I have a Zafira, so plenty of room with the seats folded down, but for dirty stuff, I usually use a trailer - it's handy to fill up a bit at a time over days too, as I'm doing work.

Reply to
Steve Walker

I had a (French) car like that, I used gaffa tape on it. The (German) car was fine.

Reply to
Commander Kinsey

I did that once to park in a very narrow space. I probably pissed off the two car owners I was inbetween.

Reply to
Commander Kinsey

I would have placed it on top of someone else's car. Piss off two people with one prank.

Reply to
Commander Kinsey

The front person having to get out to let out the back person looks so ridiculous. For example you take your kids to school and have to get out to let them out!

I never use seat belts, I just avoid crashing.

Reply to
Commander Kinsey

Ah, so you dont drive at all?

Knew a girl once. Sister was almost paraplegic. was stationatry at traffic lights when got rammed by an idiot from the side. Before side impact bars. Ruined her pelvis.

Another girl was driving along at legal speeds on a road at a very safe distance behind a truck. Vaguely remembers something flying at her as she went under a bridge and then nothing till she woke up in hospital 2 days later.

Police who interviewed her said 'we found this in the passenger footwell' - it was half a large truck's brake shoe... Thrown up by truck? thr?wn from footbridge

She had somehow managed to stall the car on the verge while unconscious.

Same road almost in same place I see headlights swerving coming towards me. And go off the road. Pull up and 4 lads in dads Rover have spun it and turned it over. Ls in front with belts are dazed but ok - lads in back are not - broken arms and bad concussion

Apart from not driving at all, tell me how you personally would have avoided these accidents? Especially if you were not driving... ..or does no one want you as a passenger?

It took only two motor races and seeing someone killed in front of me when he was flung out of a vintage racing car with no belts fitted, to convince me to never ever get in a car where it was near other motorists, without wearing a belt.

You may control the car, but you cant control other people

Reply to
The Natural Philosopher

And if you pull up on the other side of the road?

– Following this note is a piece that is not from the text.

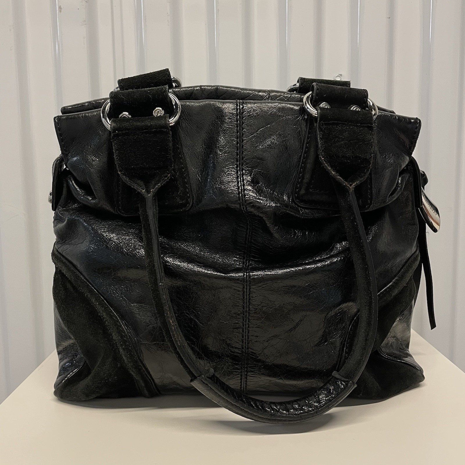 Y2K Francesco Biasia Black Leather/Suede Moto Hobo Shoulder Hand Bag
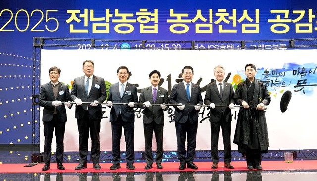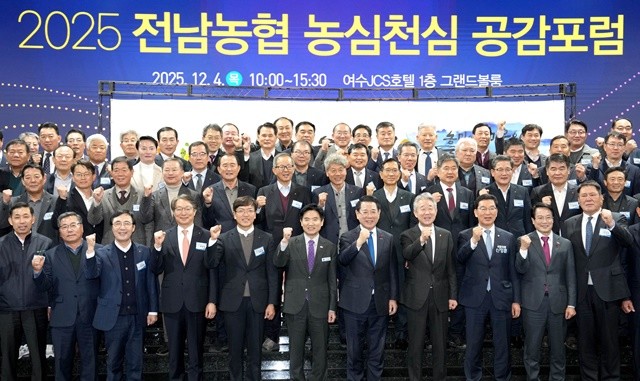 [위키트리 광주전남취재본부 노해섭 기자]김영록 전남도지사가 4일 여수 호텔JCS여수에서 열린 전남농협 농심천심(農心天心) 공감 포럼 행사에서 참석자들과 기념촬영을 하고 있다.

Or your wife is in the passenger seat? Or there's two kids, do they shuffle across?

Didn't move me out of my seat one bit. The conservation of momentum states the light deer will have f*ck all effect on the speed of the heavy car.

Reply to
Commander Kinsey

Very unlikely to happen. And a seatbelt wouldn't have helped there.

And a seatbelt would have helped there how?

Because those accidents don't often happen. Now go and list every safe journey that has happened.

You can avoid other people, it takes two bad drivers to cause an accident.

Reply to
Commander Kinsey

It's so funny when a safety device causes danger.

Reply to
Commander Kinsey

Why would anyone not want to be a driver? Driving is fun!

Reply to
Commander Kinsey

The thing that annoys me most about doors is when they bounce. You swing one open, are just putting a box into the car, when it shuts on your and you drop something. Apparently you can replace something called a "check strap", I thought it was just a shit thing that happened to everyone.

Reply to
Commander Kinsey

A 7 seater with removable seats makes an excellent van. It also confuses the hell out of the test centre when they can't test the rear belts that aren't there. I've had to point out to two of them that legally if the seats are not present at the time of the test, you don't need to test the belt. So, if your rear belt is faulty, remove the seat for the test, it will pass.